*TRY IT*
In the listing that follows, find the line with "key) | 用于关联两张表,保证数据的一致性和完整性。 |", then copy exactly from it through the line with "新款ins复古甜酷时尚棕色豹纹蝴蝶结小包零钱包星星DIY钥匙扣挂件", leaving out every picture.

*MATERIAL PROVIDED*
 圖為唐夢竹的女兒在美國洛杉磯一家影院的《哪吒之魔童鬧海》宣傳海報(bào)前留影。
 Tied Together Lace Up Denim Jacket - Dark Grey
* * *
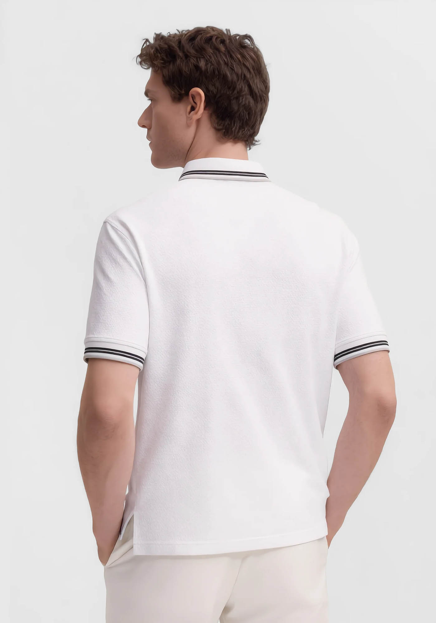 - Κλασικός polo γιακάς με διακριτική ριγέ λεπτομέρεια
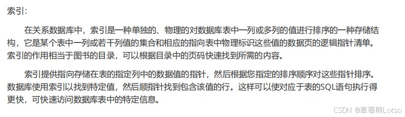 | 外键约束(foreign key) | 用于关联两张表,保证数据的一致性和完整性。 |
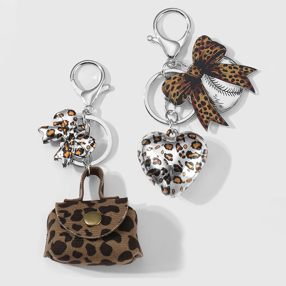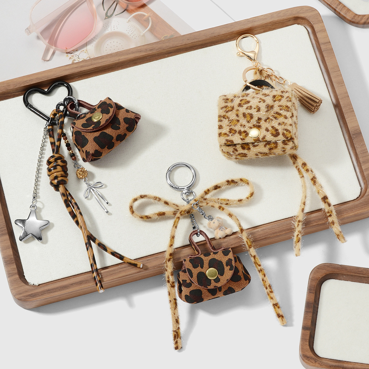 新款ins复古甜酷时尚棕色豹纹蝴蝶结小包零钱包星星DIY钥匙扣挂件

*SOLVED EXERCISE*
 | 外键约束(foreign key) | 用于关联两张表,保证数据的一致性和完整性。 |
 新款ins复古甜酷时尚棕色豹纹蝴蝶结小包零钱包星星DIY钥匙扣挂件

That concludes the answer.